Work to complete: Output nothing but the lines from the first line of the listing below through the line containing "Hledáte jídelní kout, který", printed exactly and free of pictures.

##### Provided data #####

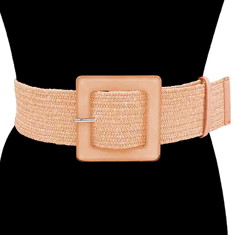 Resin Square Buckle Accent Raffia Adjustable Belt
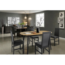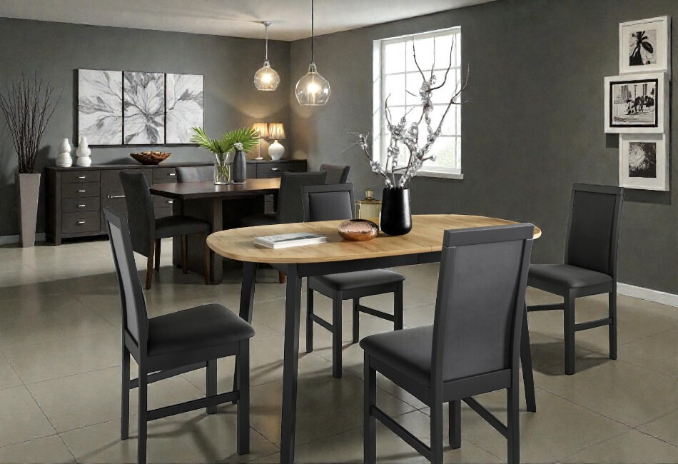 Hledáte jídelní kout, který bude vypadat stylově a zároveň se přizpůsobí vašim potřebám? Tento set rozkládacího stolu a čtyř židlí vsází na moderní kontrast černé barvy a přírodního dekoru dub sonoma. Tato nadčasová kombinace dodá vaší jídelně industriální nádech a stane se středobodem celého interiéru.
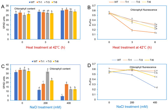 Chlorophyll content and fluorescence in leaves of wild-type and transgenic tobacco overexpressing PgHSFA2 after heat and salt treatment. (A) Chlorophyll content in leaves after heat treatment at 42 °C for 0, 3, and 6 h. (B) Fv/Fm measurements (maximum quantum efficiency of Photosystem II) after heat treatment at 42 °C for 0, 3, and 6 h. Data are presented as average relative quantities ± standard errors (SEs). (C) Chlorophyll content in leaves after salt treatment with 0, 200, and 400 mM NaCl. (D) Fv/Fm measurements after salt treatment with 0, 200, and 400 mM NaCl. Data are presented as average relative quantities ± standard errors (SEs). Bars marked with different letters denote statistically significant differences (p < 0.05, one-way ANOVA).

#####

Solution for this task:
 Resin Square Buckle Accent Raffia Adjustable Belt
 Hledáte jídelní kout, který bude vypadat stylově a zároveň se přizpůsobí vašim potřebám? Tento set rozkládacího stolu a čtyř židlí vsází na moderní kontrast černé barvy a přírodního dekoru dub sonoma. Tato nadčasová kombinace dodá vaší jídelně industriální nádech a stane se středobodem celého interiéru.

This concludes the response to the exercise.